La escasez de billetes de alta denominación en Venezuela -que obliga a portar enormes fajos en las carteras- llevó al Banco Central a abrir una licitación para adquirir papel de impresión de circulante.

El organismo convocó a un concurso internacional en busca de una empresa con "capacidad propia y disponibilidad para el suministro de papel" para imprimir billetes de 50 y 100 bolívares; que son los que más escasean.

En un país de inflación galopante, la gente lleva en sus bolsillos grandes fajos, a menudo de baja denominación, y gasta tiempo en contarlos en tiendas, supermercados y bancos.

A falta de billetes de 50 y 100 bolívares, una persona, por ejemplo, debe usar los de 5 y de 10 para comprar un periódico (100 bolívares) o adquirir un kilo de papas (300 bolívares).

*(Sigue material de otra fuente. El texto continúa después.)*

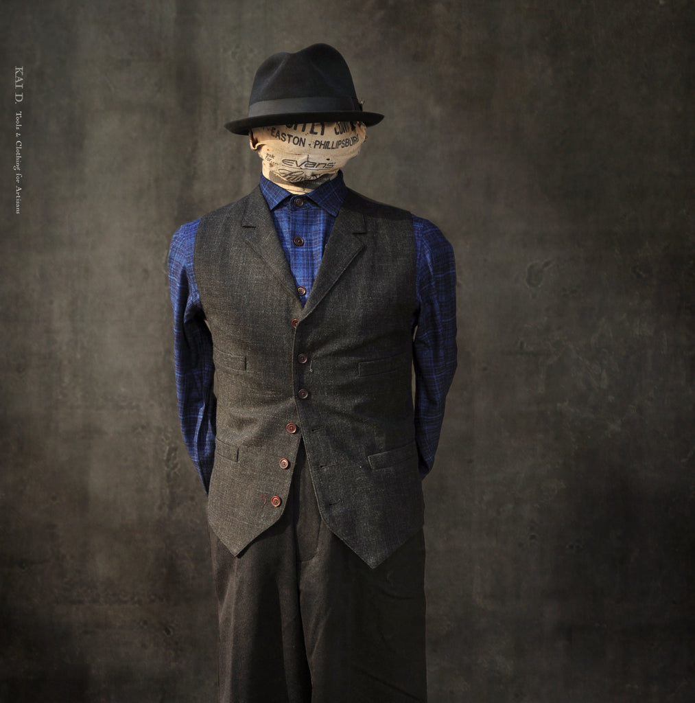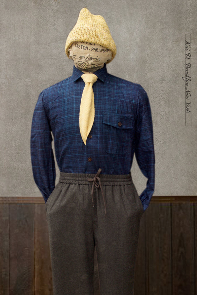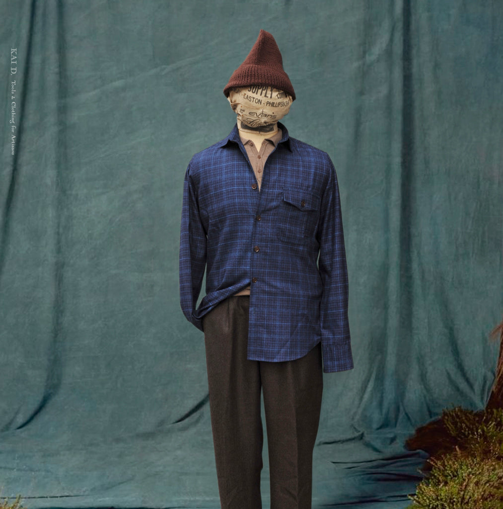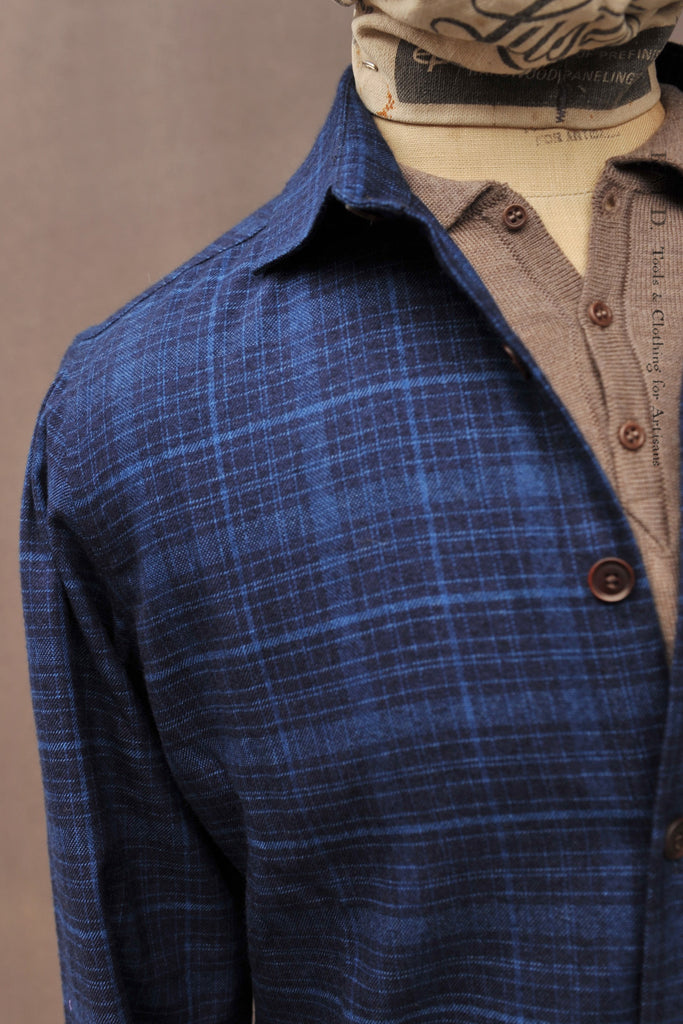 Made in a tonal indigo plaid with a very light brush finish. Very soft. Beautiful two tone indigo.
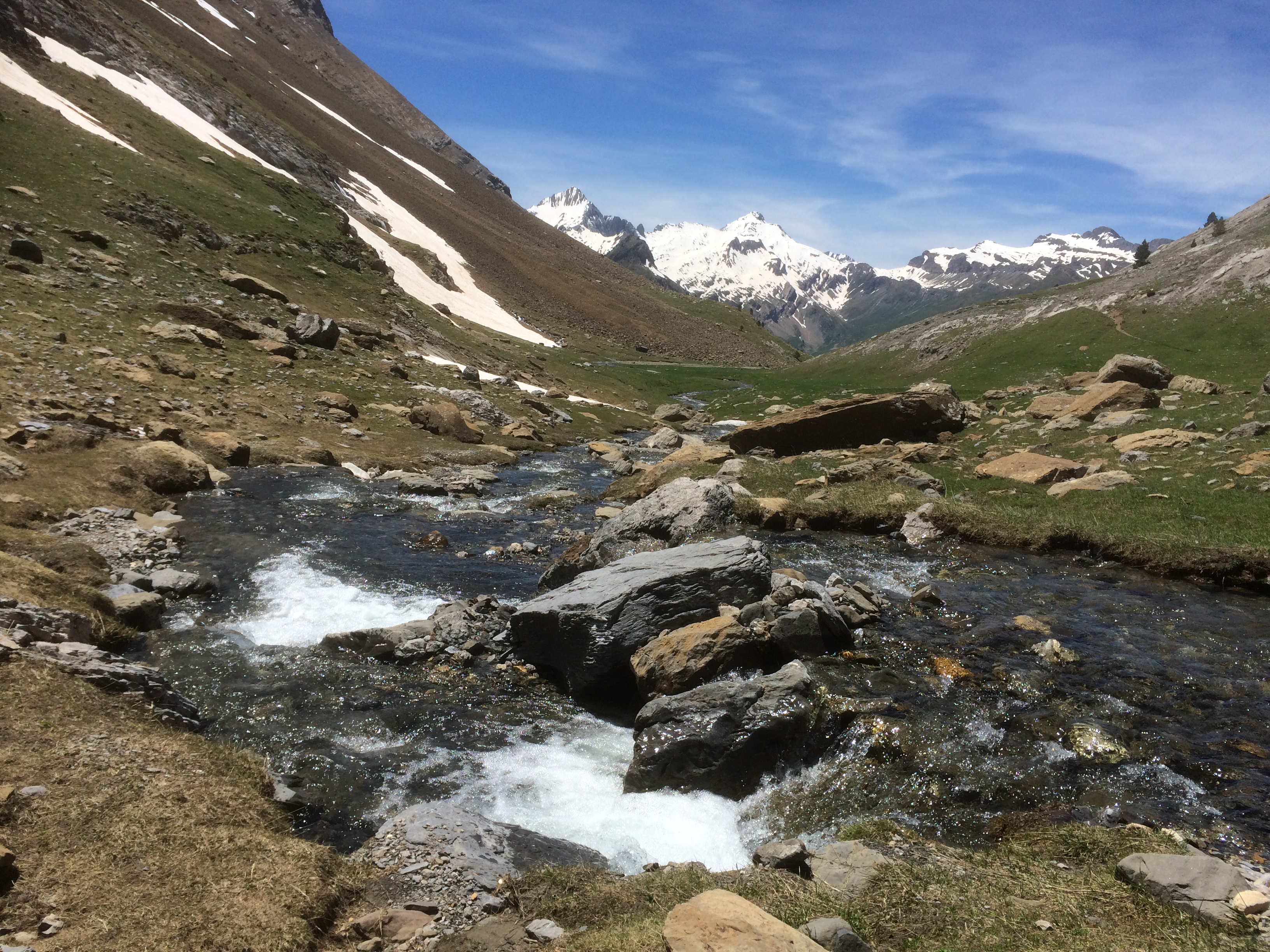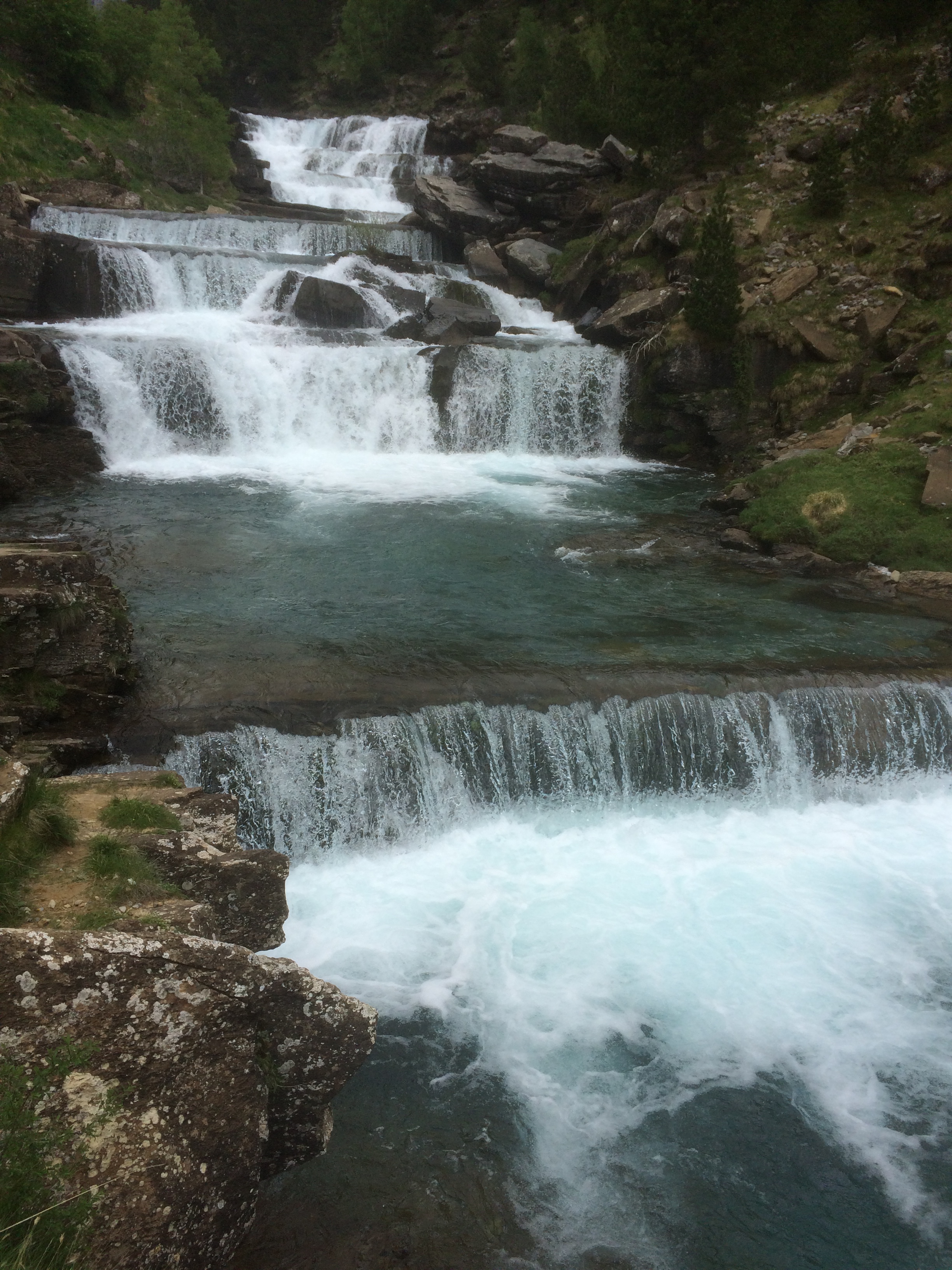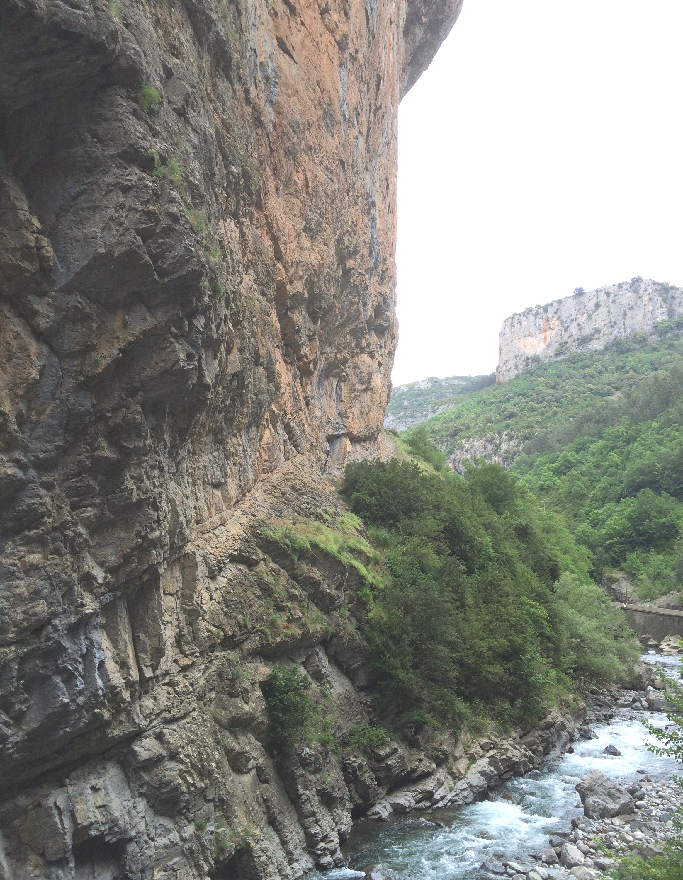 Ons vertrekpunt is Hotel Vilobi, gelegen in Vilobi d'Onyar. Het hotel ligt (bijna letterlijk) op een steenworp afstand van het vliegveld van Girona (de Catalaanse naam voor Gerona): het is 210(!) meter tussen aankomsthal en ingang van het hotel. En omdat we ook geen geluidsoverlast hebben van het vliegveld, is het dus een uitstekend vertrekpunt voor een tocht door Noord-Oost Spanje. De eerste dag fietsen we tot Olot, grotendeels over een Via Verde: een voormalige spoorlijn. Het grote voordeel daarvan is dat je niet zwaar hoeft te klimmen, dat konden de treinen ook niet: maximaal 4%. Ook is het grotendeels autovrij. Een nadeel is dat het vaak ongeasfalteerd is (wel verhard), en dat er nogal wat lange saaie, rechte stukken in zitten. Soms fiets je door een onverlicht, maar altijd kort, tunneltje. De volgende dagen fietsen we meestal over provinciale wegen, vaak erg rustig. En bovendien zijn Spaanse chauffeurs over het algemeen erg hoffelijk: ze wachten rustig tot ze kunnen inhalen, en doen dat vervolgens met een grote boog. De hellingen zijn nu wel wat steiler! We fietsen vanuit Olot via de Coll de Coubet (1010 m), Coll de Canes (1123 m) en Vallfragona naar Ripoll. De volgende dag via de C26 en Borreda naar Berga. De dag daarna via de Coll de Mina (1210 m) naar Sant LLorenc de Morunys, een heel mooi oud dorp met een authentieke Placa Major. Op onze vijfde fietsdag rijden we via de Coll de Jou (1480 m), Cabrils en Linars naar de plaats Coll de Nargó. Het is een prachtige fietsdag, veel over stille weggetjes, maar wel zwaar door de vele klimmen. Vanuit Coll de Nargó gaan we over de Coll de Boixols (1380 m) en de Coll de Fadello (1250 m) naar Tremp. Hier blijven we een dag, omdat Tremp de moeite waard is om rustig te bekijken, en we wel een rustdag kunnen gebruiken. Na de rustdag fietsen we in 2 dagen via El Pont de Suert (leuk dorp) en een schitterende nauwe kloof naar Campo, en eindigen de dag erna voorlopig in Torla, een dorp bij de ingang van het Parque Nacional de Odesa y Monte Perdido. In dit natuurpark gaan we een aantal dagen wandelen. En dat zijn prachtige dagen geworden. Op de eerste dag wandelen we vanuit het dorp (Torla dus) naar La Pradero; een echte wandeling om mee te beginnen, niet te lang, veel langs een rivier en door het bos. Op de tweede dag fietsen we eerst 10 km het park in naar Refugio San Nicolás de Bujaruelo; bij de hut kunnen we de fietsen veilig achter een afgesloten omheining stallen. We maken van daaruit een prachtige wandeling, tussen sneeuwresten, langs een snel stromend riviertje (met smeltwater) en prachtige uitzichten. We gaan tot ruim 2000 meter hoog (Torla ligt op 1000 meter). Schitterende, wel zware wandeling. Op de derde wandeldag gaan we eerst met de fiets naar La Predara (zie eerste dag), waar we onze fietsen weer op een veilige plek kunnen stallen. Voordat we gaan wandelen, raken we in gesprek met een groep basis-scholieren (groep 7?). Ze willen van alles van ons weten, ze spreken verbazend goed Engels. Van Holanda hebben ze nog nooit gehoord, wel van Cruijff, Robben, van Persie, Rijkaard, de Boer, ..... De wandeling voert ons langs een aantal watervallen, imponerend. Op de laatste wandeldag gaan we eerst weer op de fiets een stukje het park in, alvorens we met het wandelen beginnen. Dit keer is het een kloof-wandeling; via de Cascade (waterval) Aballama willen we tot Racón de Cirriata lopen. Dat lukt niet helemaal want op het laatste stukje ligt te veel sneeuw en dat vinden we op onze (niet echte wandel)schoenen te gevaarlijk. Ons oorspronkelijke plan was om na deze wandeldagen in het Parque Nacional de Ordesa y Monte Perdido de Pyreneeën over te steken en aan de Franse kant terug te fietsen naar het oosten. We horen en lezen echter (weerberichten en van vrienden) dat het weer daar veel slechter is dan aan de Spaanse kant. Dus... gaan we andere plannen maken: zie voor het vervolg Noordoost Spanje

La escasez de billetes de 50 y 100 se acentuó en las últimas semanas a raíz de las distorsiones que provoca la alta inflación que en 2014 alcanzó el 68,5% (última cifra oficial).

Cálculos independientes estiman, sin embargo, que el costo de vida en Venezuela está en tres dígitos, al superar una tasa anualizada de 100%.

En Venezuela se estableció un férreo control cambiario en 2003, que actualmente da lugar a cuatro tipos de cambio, de los cuales el del mercado negro es 110 veces mayor a la tasa oficial más barata de 6,30 bolívares por dólar.

Además, el gobierno monopoliza las divisas en el país, que obtiene el 96% de estas del petróleo e importa al menos el 50% de los alimentos que consume.

Los bancos están limitando los retiros de las cuentas a 40.000 o 20.000 bolívares y eso tiene irritada a mucha gente que se queja porque les están limitando el acceso a sus ahorros.